# WHAT THIS TASK INVOLVES
Lines from the beginning of the material below through the line that has "内华达州马斯奎特市(Mesq" are to be reproduced exactly, but pictures are not.

________________________

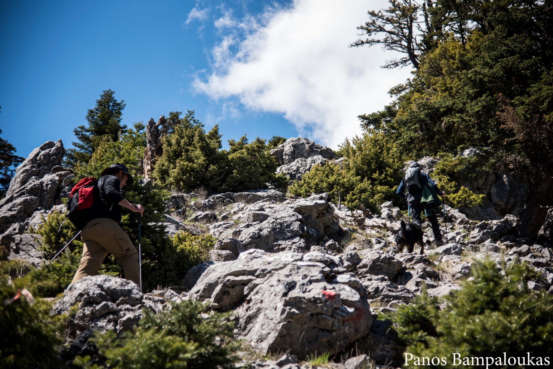 Στο τέλος της κοιλάδας θα περάσουμε δυο φορές το ποταμάκι και θα δούμε μερικά βέλη από μαύρο σπρέι που μας οδηγούν δεξιά προς μια απότομη πλαγιά. Σε αυτό το σημείο θα πρέπει να δείξουμε προσοχή για να μη χάσουμε τη σήμανση. Τα τριγωνικά σημάδια αραιώνουν και πλέον βλέπουμε μπλε σπρέι πάνω στα βράχια. Ακολουθούμε τα σήματα προς τα πάνω μέχρι να βγούμε στο δασικό δρόμο.
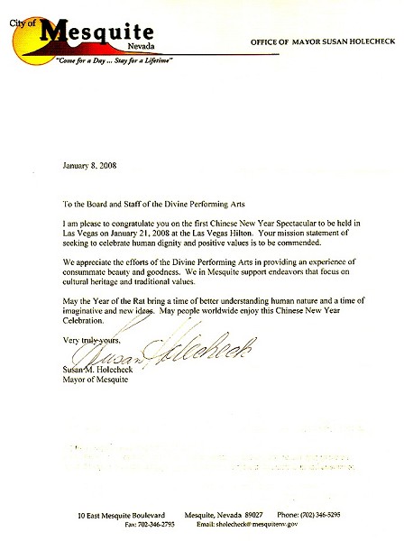 内华达州马斯奎特市(Mesquite)市长苏珊•霍尔切克(Susan Holecheck)给神韵艺术团的演员和工作人员发来贺信,赞扬神韵艺术团为褒扬人类高尚品格和正面价值所做出的努力。
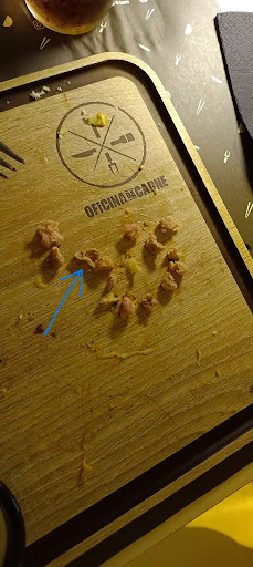 I ended up finishing the other half of the burger myself and found what you can see in the photo… even bits of skin showed up. It’s a shame, because the restaurant seems to have potential, but the overall experience was very disappointing.
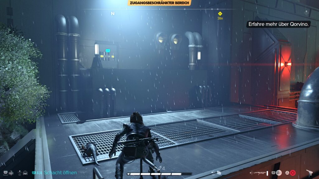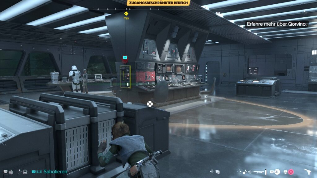 Für diese Quest empfiehlt sich der Zugang über den Lüftungsschacht auf der linken, westlichen Seite der Anlage. Das ist der kürzeste Weg zur gesuchten Information. Schleicht euch dort durch das Gebüsch an den Viper-Droiden vorbei und schlüpft in den Schacht am Fuß der Basis. Ihr erreicht auf der anderen Seite den Hof mit ein paar Imps. Die Daten über Qorvino befinden sich im Inneren im Kontrollraum mit den großen Fenstern auf der ersten Etage.
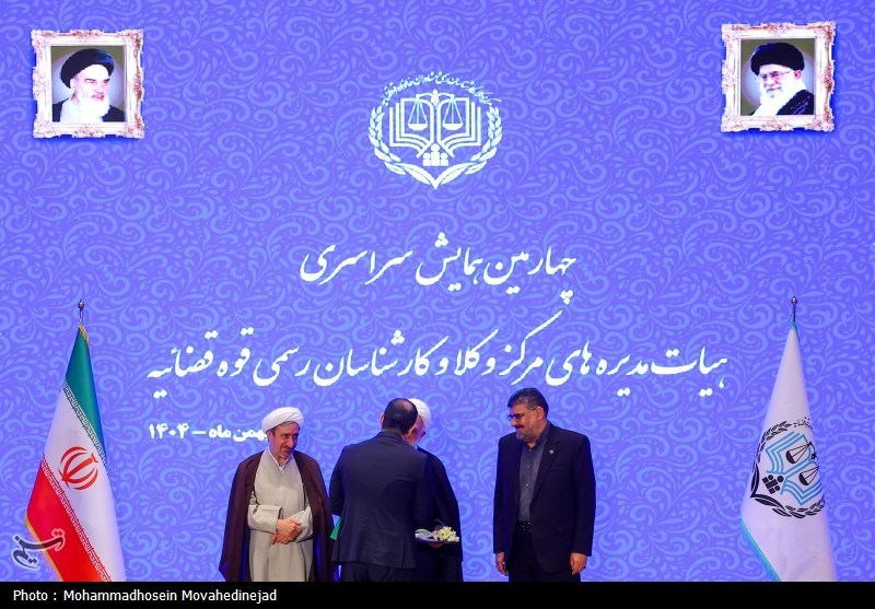 چهارمین همایش سالانه مرکز وکلای قوه قضاییه صبح سهشنبه (21 بهمن 1404) با حضور «غلامحسین محسنی اژهای» رئیس قوه قضاییه، رئیس مرکز وکلای قوه قضاییه و جمعی از مقامات قضایی و وکلای دادگستری در مجتمع شهید بهشتی برگزار شد.

________________________

# WRITTEN SOLUTION
 Στο τέλος της κοιλάδας θα περάσουμε δυο φορές το ποταμάκι και θα δούμε μερικά βέλη από μαύρο σπρέι που μας οδηγούν δεξιά προς μια απότομη πλαγιά. Σε αυτό το σημείο θα πρέπει να δείξουμε προσοχή για να μη χάσουμε τη σήμανση. Τα τριγωνικά σημάδια αραιώνουν και πλέον βλέπουμε μπλε σπρέι πάνω στα βράχια. Ακολουθούμε τα σήματα προς τα πάνω μέχρι να βγούμε στο δασικό δρόμο.
 内华达州马斯奎特市(Mesquite)市长苏珊•霍尔切克(Susan Holecheck)给神韵艺术团的演员和工作人员发来贺信,赞扬神韵艺术团为褒扬人类高尚品格和正面价值所做出的努力。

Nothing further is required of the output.